2. Layer 2: Data Link

   At this level, data gets organized into frames. Those frames then travel across the local network. Devices get identified through MAC addresses. Errors show up and get spotted right here. A switch forwarding frames between PCs on the same LAN offers a good example.

3. Layer 3: Network

   The Network layer handles routing data across different networks. It picks the best path from sender to recipient. Logical addresses come into play for that.
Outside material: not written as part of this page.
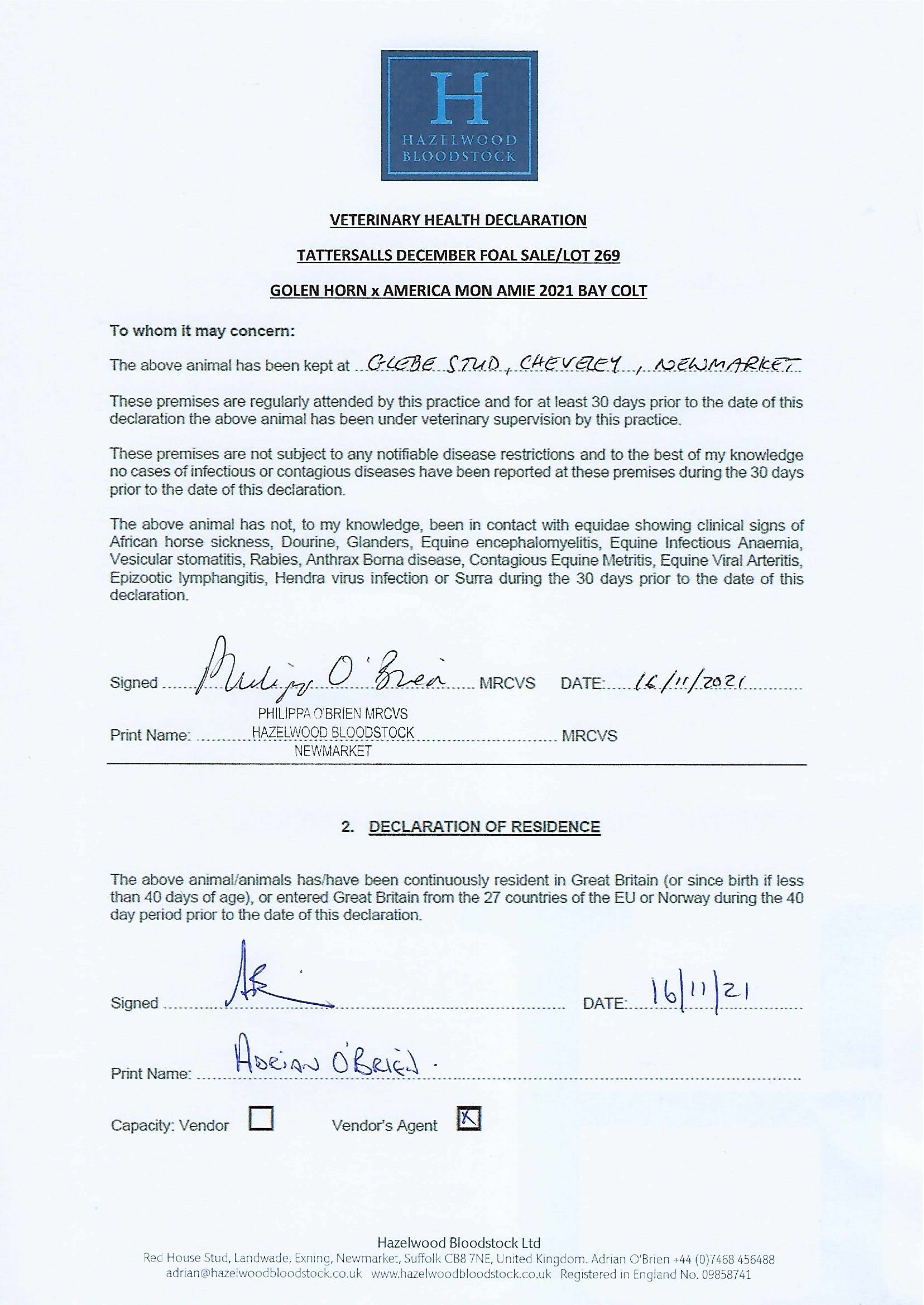 Contact: Adrian O'Brien ✆ +447468456488 ✉ adrian@hazelwoodbloodstock.co.uk

The familiar IP addresses fit this description perfectly. A home router directing packets to a remote web server stands as a solid example.

4. Layer 4:

   TransportThis layer makes sure data arrives at its destination in a reliable fashion. It also keeps everything in the right order. Large data breaks down into smaller segments. Those segments reassemble once they reach the other side.
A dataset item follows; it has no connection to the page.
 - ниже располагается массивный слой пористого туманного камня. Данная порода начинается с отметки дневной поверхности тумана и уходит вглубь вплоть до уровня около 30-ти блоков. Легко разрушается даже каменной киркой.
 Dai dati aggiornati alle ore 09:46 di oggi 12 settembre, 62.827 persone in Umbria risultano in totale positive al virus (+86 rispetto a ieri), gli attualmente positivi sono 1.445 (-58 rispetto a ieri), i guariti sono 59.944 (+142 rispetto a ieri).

   • TCP provides reliable service. It checks to confirm all packets make it through.

   • UDP moves faster overall. Delivery comes with no guarantees though.

   TCP works well for downloading a file. UDP suits online gaming or video calls better.

5. Layer 5: Session

   The Session layer takes care of the back and forth between applications. It handles opening communication sessions. It keeps them going as needed. It closes them when done. Keeping a video call active until one user ends it gives a straightforward example.

6. Layer 6: Presentation

   Data gets translated at this layer. It might get encrypted or compressed too. All this happens so applications can make sense of it. SSL or TLS encryption in HTTPS connections serves as an example.

7. Layer 7: Application

   This layer sits right at the top. It stays closest to the user experience. Services go out to software like browsers or email clients. Chat apps rely on it as well. HTTP handles web browsing tasks. SMTP deals with email sending. DNS takes on domain resolution duties.

The TCP/IP Model

The TCP/IP model stands apart from the OSI one. It goes beyond theory. It actually forms the backbone of the modern Internet. This model relies on just four layers. That is fewer than the seven in OSI. The reason comes down to grouping some of those OSI functions into broader categories.

• Network Access Layer

  The network access layer deals with the physical side of sending data over the network. It lines up with the physical and data link layers from OSI. Take Ethernet or Wi-Fi as common examples here.

• Internet Layer

  The internet layer takes care of addressing and routing tasks. It mirrors the OSI network layer in that way. This layer sets the rules for how packets travel from one device to another across different networks. IPv4, IPv6, and ICMP serve as key protocols in this part.

• Transport Layer

  The transport layer works much like it does in OSI. It makes sure applications communicate reliably. That happens through protocols such as TCP or UDP.

• Application Layer

  The application layer pulls together roles from OSI's top three layers. Those include session, presentation, and application functions. Applications connect to the network right at this level. Protocols like HTTP, FTP, DNS, and SMTP operate here.

OSI vs TCP/IP

The two models complement each other:

• OSI model → a learning and troubleshooting tool, very detailed, helping network engineers identify issues (“Is it a Layer 3 problem?”).

• TCP/IP model → the practical framework used every day on the Internet.

You can think of it this way:

• ISO/OSI represents the theory side

• TCP/IP brings the practice. It runs the actual Internet systems we use.

Comparison Table

OSI Model (7 Layers)	TCP/IP Model (4 Layers)	Example Protocols
Application	Application	HTTP, FTP, SMTP, DNS
Presentation	Application	TLS/SSL, JPEG, MPEG
Session	Application	NetBIOS, RPC
Transport	Transport	TCP, UDP
Network	Internet	IP, ICMP, ARP
Data Link	Network Access	Ethernet, Wi-Fi (802.11)
Physical	Network Access	Cables, fiber, radio signals

Even though the OSI model is mostly theoretical, it helps us see how communication is structured step by step. The TCP/IP model, on the other hand, describes the real set of protocols that make the Internet work.